Ear problems. We’ve all had them. And we all fear that possible infection that will keep us out the water for days, maybe even longer God forbid! They can cause us to abort dives and impact our overall enjoyment of the sport. The manner of equalising can vary a lot from person to person and does not reflect on your diving ability. You should never continue descending with ear pain but before aborting a dive, try these tips that we have found extremely helpful:
- Don’t dive when congested. If you are feeling a bit blocked, don’t risk it. Moving between cold and warm climates can cause congestion. Also, be careful with air conditioning. Having your AC blasting all night can also cause congestion. Make sure that when you swallow you hear a pop in both ears. This tells you that both Eustachian tubes are open.

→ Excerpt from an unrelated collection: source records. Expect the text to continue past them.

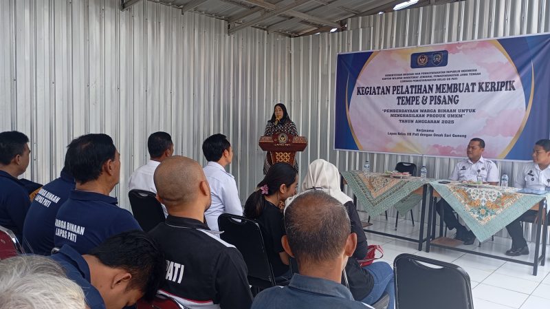 Pati– Lembaga Pemasyarakatan (Lapas) Kelas IIB Pati menggelar kegiatan pembukaan pelatihan pembuatan tempe, tempe keripik, dan keripik pisang bagi Warga Binaan Pemasyarakatan (WBP). Kegiatan ini merupakan bagian dari program pembinaan kemandirian yang bertujuan untuk membekali WBP dengan keterampilan produktif dan bernilai ekonomi. Pelatihan dilaksanakan di aula kegiatan kerja Lapas Pati dan menghadirkan instruktur dari Omah Sari Agung sebagai mitra pelaksana(04/11).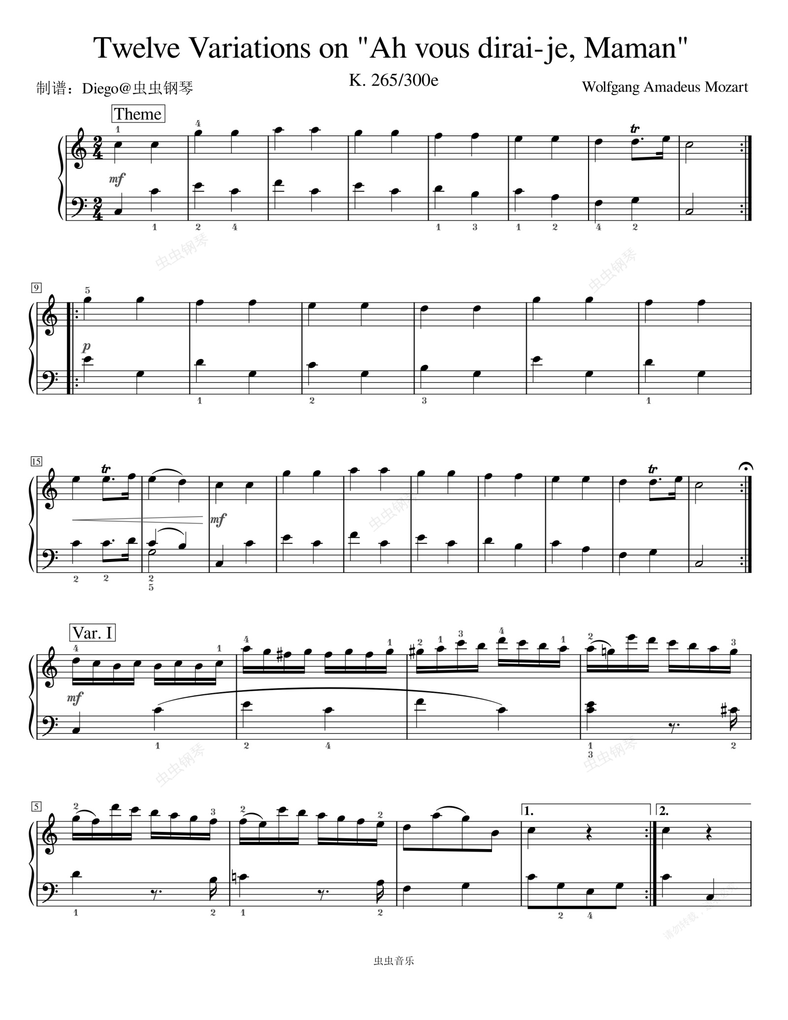 钢琴谱:小星星变奏曲(12变奏完整版)Mozart原版12_Variations_on_Ah_vous_dirai-je_maman_K.265300e__Wolfgang_Amadeus_Mozart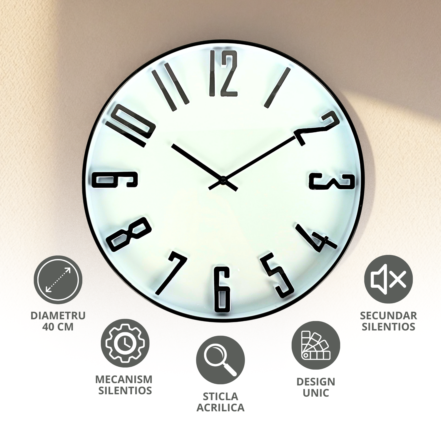 Investeste intr‑un ceas de perete de 40 cm cu mecanism quartz silentios, creat pentru a combina designul minimalist cu fiabilitatea de lunga durata. Cifrele 3D negre, sticla acrilica rezistenta si rama ABS durabil transforma acest model intr‑o alegere inteligenta pentru orice locuinta moderna. Comanda‑l astazi si bucura‑te de o ambianta mai linistita, un stil impecabil si o citire a orei la superlativ!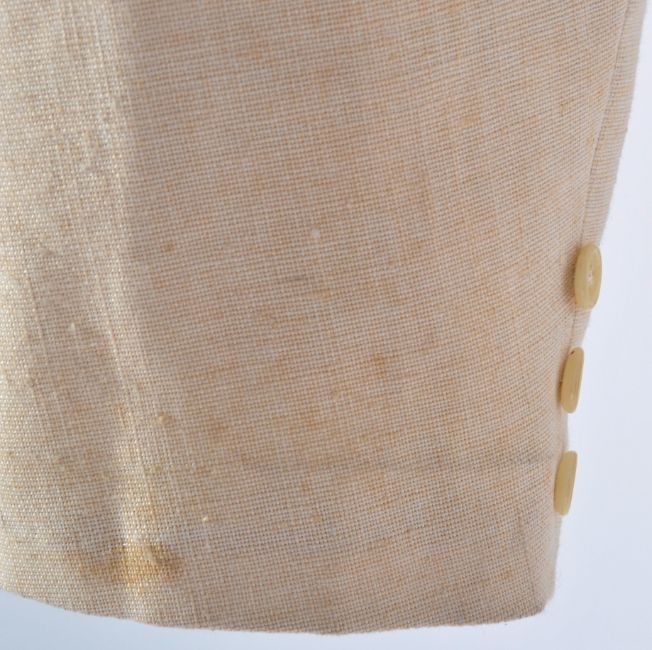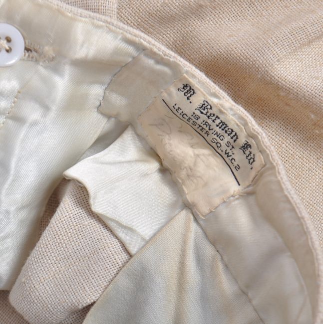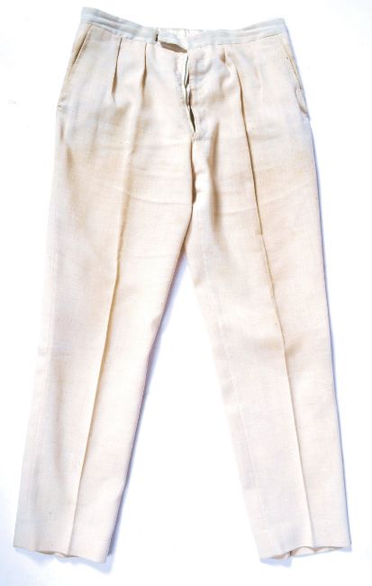 Estate of Dave Prowse - Hammerhead (1968) - an original screen worn / matched cream suit as worn by Mr Prowse in the British Spy Thriller. The cotton suit in cream, with all original buttons, twin pockets to the front and single pocket to the breast. Retains the original M. Berman label to interior, and another to the interior of the pocket - named to ' Prowse ' in blue ink. With two pairs of accompanying trousers, both also with M Berman labels and named ' Dave Prowse '. Use and discolouration to trosuers from production, but generally in good condition. No size mentioned, but jacket approx XL. Rare piece of screen used costume. Supplied with some original vintage ephemera from the movie - including an original lobby card showing Prowse in this suit, two small press brochures, and a brochure featuring Dave Prowse images from the film (seen wearing this suit).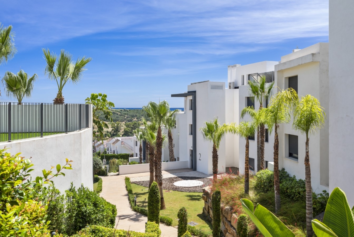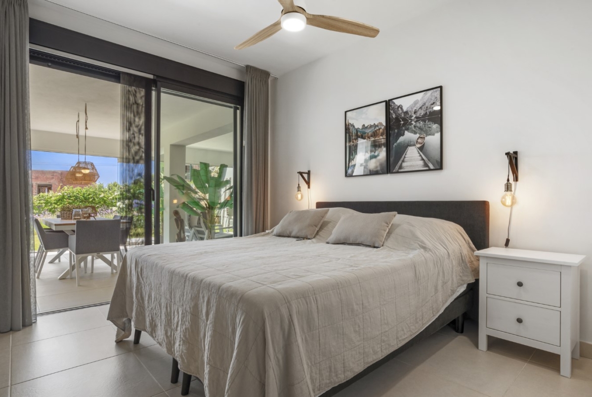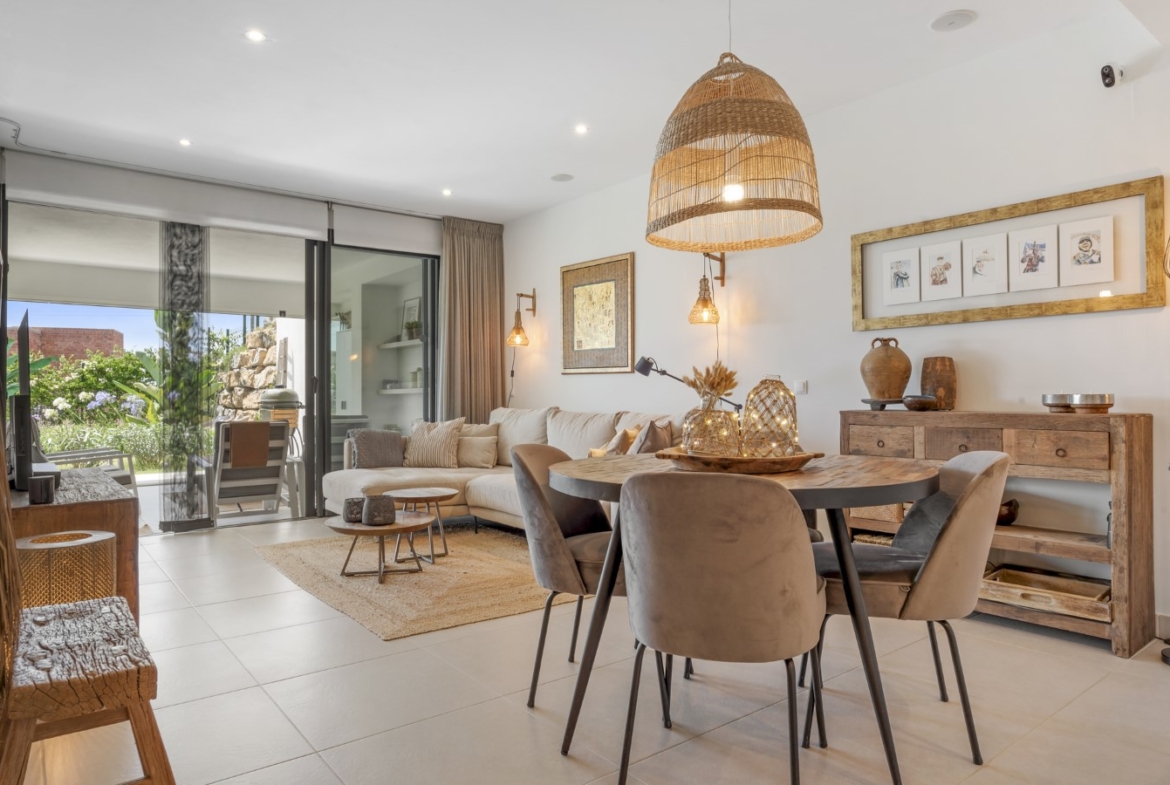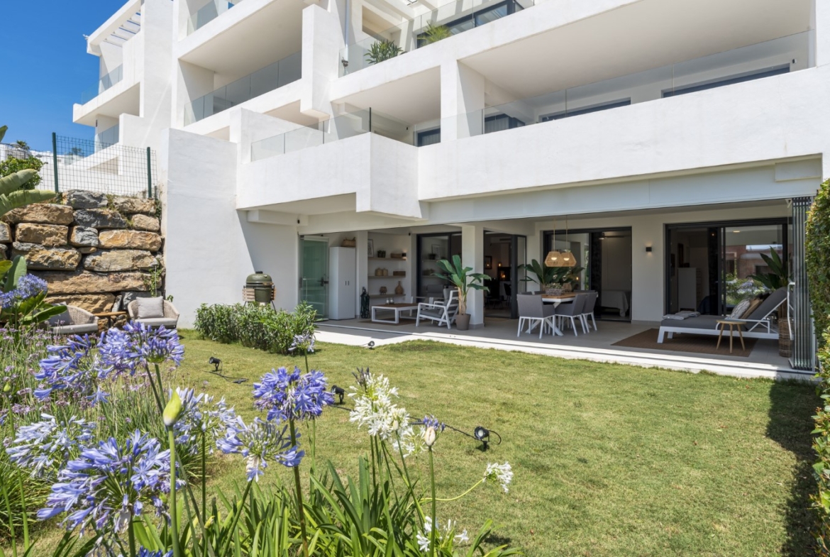 Beautiful and contemporary 2-bedroom ground-floor apartment located in the sought-after Mirador del Golf development, next to Estepona Golf Club. Built in 2021, this property combines modern design, comfort, and privacy in a peaceful setting just minutes from Estepona town, the beach, and all amenities. The apartment enjoys a southwest orientation, offering sunshine throughout the day and pleasant views over the lush gardens, the mountains, and a glimpse of the sea. The interior features a bright open-plan living and dining area with a fully fitted kitchen with Siemens appliances, creating a seamless flow of space and style. The master bedroom with en-suite bathroom and the guest bedroom with separate bathroom both offer comfort and functionality. From both the living area and master bedroom, you step onto a spacious 54 m² terrace enclosed with glass curtains, allowing you to open it fully in summer or close it to create additional living space in cooler months. The terrace leads directly to a private lush garden of almost 90 m², beautifully maintained by the community — and included in the community fees. Additional features include a private parking space, storage room, a communal swimming pool, well-kept gardens, and a gym. It’s the perfect blend of villa-style living — with space, light, and a private garden — yet with the convenience, security, and easy maintenance of an exclusive gated community. Ideal as a holiday home or permanent residence.

- Do like the yogis do and forcefully exhale through one nostril at a time every morning. This is a great way to clear passageways and to avoid congestion.

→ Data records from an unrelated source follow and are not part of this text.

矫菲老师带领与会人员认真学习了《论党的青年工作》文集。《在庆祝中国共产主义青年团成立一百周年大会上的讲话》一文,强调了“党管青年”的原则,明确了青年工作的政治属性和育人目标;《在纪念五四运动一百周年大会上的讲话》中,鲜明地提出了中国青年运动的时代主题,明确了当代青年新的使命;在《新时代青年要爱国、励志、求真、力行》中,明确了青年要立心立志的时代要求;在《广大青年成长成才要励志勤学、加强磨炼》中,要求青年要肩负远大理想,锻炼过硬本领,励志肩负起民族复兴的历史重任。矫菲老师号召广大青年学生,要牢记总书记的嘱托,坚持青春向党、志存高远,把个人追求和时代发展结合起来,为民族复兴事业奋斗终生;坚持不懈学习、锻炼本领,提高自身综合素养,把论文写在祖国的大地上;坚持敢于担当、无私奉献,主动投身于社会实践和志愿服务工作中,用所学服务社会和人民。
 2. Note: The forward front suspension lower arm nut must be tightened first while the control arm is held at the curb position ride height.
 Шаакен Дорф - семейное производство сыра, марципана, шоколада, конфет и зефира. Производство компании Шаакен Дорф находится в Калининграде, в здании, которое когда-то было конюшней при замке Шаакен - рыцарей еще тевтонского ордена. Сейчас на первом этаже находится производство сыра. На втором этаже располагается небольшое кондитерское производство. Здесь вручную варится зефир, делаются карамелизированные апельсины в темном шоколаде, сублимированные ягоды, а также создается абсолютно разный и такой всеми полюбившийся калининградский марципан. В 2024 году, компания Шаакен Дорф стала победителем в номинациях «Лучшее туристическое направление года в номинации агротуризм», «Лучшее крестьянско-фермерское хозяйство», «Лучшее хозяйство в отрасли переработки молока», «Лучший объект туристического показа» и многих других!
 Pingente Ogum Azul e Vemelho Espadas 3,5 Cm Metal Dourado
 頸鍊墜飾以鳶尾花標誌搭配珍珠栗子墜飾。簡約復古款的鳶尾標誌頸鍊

- If you haven’t dived for a while, then let your ears adjust slowly by equalising early and often. You could even gently equalise your ears every couple of minutes before the dive. It’s just like exercising any muscle; if you are diving frequently your ears will loosen and get used to equalising.
- Chew gum before a dive. Many people find this helpful as it makes you swallow often.
- Relax. Take a couple of minutes before a dive to just to relax. Being tense could make equalising more difficult.
- Move your jaw around. This will loosen up the muscles you use to equalise.
- Descend feet first. Studies have shown that the Valsalva manoeuvre (pinching your nostrils while exhaling gently) requires 50% more effort if you are in a head-down position.
- Look up while descending. Extending your neck can open your Eustachian tubes.
- If you feel a block, ascend a little. Use your dive computer to make sure you do as if your BCD is negatively buoyant you will descend.
- If all this fails, go to the surface and take a couple of minutes to relax and then try descending again as slowly as possible. If you can only go a couple of metres stay there and let your ears get accustomed before creeping down diagonally.
There is plenty more information about equalisation and we’ve outlined only a few tips here that we have found helpful. We’re curious to know your tips as well so please share them with us.